Exploring electroencephalographic infraslow neurofeedback treatment for chronic low back pain: a double-blinded safety and feasibility randomized placebo-controlled trial.

机构信息

Department of Surgical Sciences, Otago Medical School, University of Otago, PO BOX 56, Dunedin, 9054, New Zealand.

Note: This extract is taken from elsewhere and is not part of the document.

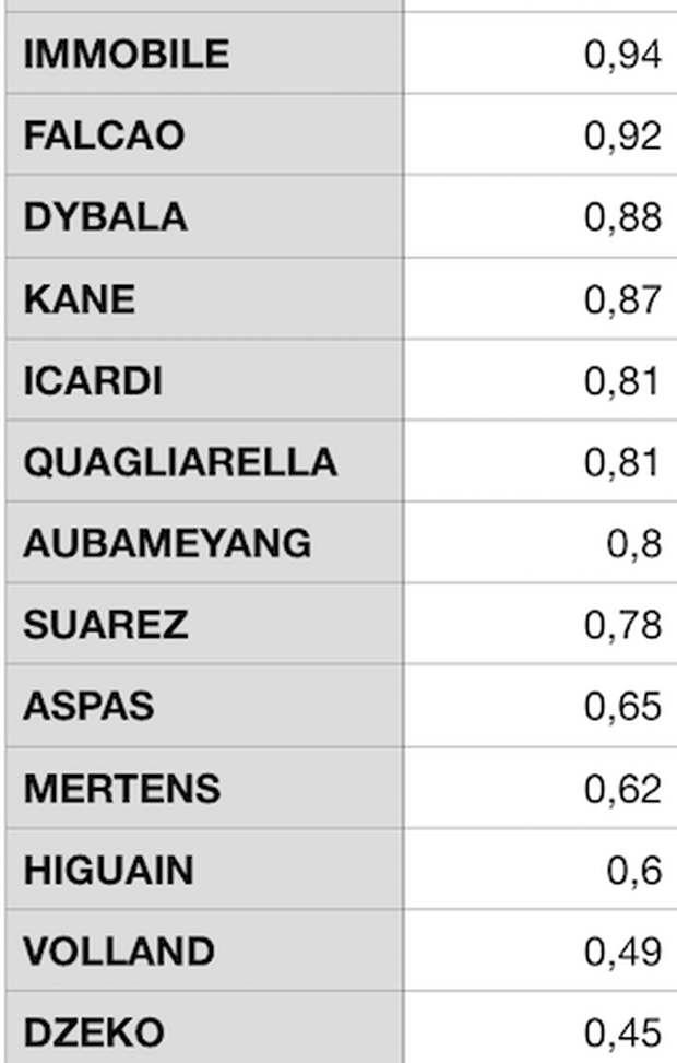 Ma chi è il calciatore che segna maggiormente a seconda del numero delle partite giocate? In testa resta sempre Salah che con Neymar alle sue spalle supera il muro della rete a partita. Sul podio a pari merito due grandissimi come Lewandowski e Cavani che arrivano a 0.,97. In questo caso Immobile si piazza al settimo posto con una media di 0,94 gol a partita preceduto da Messi e Aguero.

Pain@Otago Research Theme, University of Otago, Dunedin, New Zealand.

出版信息

Sci Rep. 2023 Jan 20;13(1):1177. doi: 10.1038/s41598-023-28344-2.

Abstract

Chronic low back pain (CLBP) is a disabling condition worldwide. In CLBP, neuroimaging studies demonstrate abnormal activities in cortical areas responsible for pain modulation, emotional, and sensory components of pain experience [i.e., pregenual and dorsal anterior cingulate cortex (pgACC, dACC), and somatosensory cortex (SSC), respectively]. This pilot study, conducted in a university setting, evaluated the feasibility, safety, and acceptability of a novel electroencephalography-based infraslow-neurofeedback (EEG ISF-NF) technique for retraining activities in pgACC, dACC and SSC and explored its effects on pain and disability. Participants with CLBP (n = 60), recruited between July'20 to March'21, received 12 sessions of either: ISF-NF targeting pgACC, dACC + SSC, a ratio of pgACC*2/dACC + SSC, or Placebo-NF. Descriptive statistics demonstrated that ISF-NF training is feasible [recruitment rate (7 participants/month), dropouts (25%; 20-27%), and adherence (80%; 73-88%)], safe (no adverse events reported), and was moderate to highly acceptable [Mean ± SD: 7.8 ± 2.0 (pgACC), 7.5 ± 2.7 (dACC + SCC), 8.2 ± 1.9 (Ratio), and 7.7 ± 1.5 (Placebo)]. ISF-NF targeting pgACC demonstrated the most favourable clinical outcomes, with a higher proportion of participants exhibiting a clinically meaningful reduction in pain severity [53%; MD (95% CI): - 1.9 (- 2.7, - 1.0)], interference [80%; MD (95% CI): - 2.3 (- 3.5, - 1.2)], and disability [73%; MD (95% CI): - 4.5 (- 6.1, - 2.9)] at 1-month follow-up. ISF-NF training is a feasible, safe, and an acceptable treatment approach for CLBP.

摘要

慢性下背痛 (CLBP) 是一种全球性的致残疾病。在 CLBP 中,神经影像学研究表明,负责疼痛调节、情绪和疼痛体验的感觉成分的皮质区域活动异常[即,前扣带回皮质的腹侧和背侧前部 (pgACC、dACC) 和躯体感觉皮质 (SSC)]。这项在大学环境中进行的试点研究评估了一种新型基于脑电图的超慢神经反馈 (EEG ISF-NF) 技术对重新训练 pgACC、dACC 和 SSC 活动的可行性、安全性和可接受性,并探讨了其对疼痛和残疾的影响。招募了 60 名 CLBP 参与者 (2020 年 7 月至 2021 年 3 月),他们接受了 12 次 ISF-NF 治疗,靶向 pgACC、dACC+SSC、pgACC*2/dACC+SSC 的比例或假刺激-NF。描述性统计数据表明,ISF-NF 训练是可行的[招募率(每月 7 人)、脱落率(25%;20-27%)和依从性(80%;73-88%)],安全(无不良事件报告),且具有中等至高的可接受性[平均值±标准差:pgACC 为 7.8±2.0、dACC+SCC 为 7.5±2.7、Ratio 为 8.2±1.9 和 Placebo 为 7.7±1.5]。针对 pgACC 的 ISF-NF 显示出最有利的临床结果,更多的参与者表现出疼痛严重程度[53%;MD(95%CI):-1.9(-2.7,-1.0)]、干扰[80%;MD(95%CI):-2.3(-3.5,-1.2)]和残疾[73%;MD(95%CI):-4.5(-6.1,-2.9)]的临床意义上的显著降低。ISF-NF 训练是 CLBP 的一种可行、安全且可接受的治疗方法。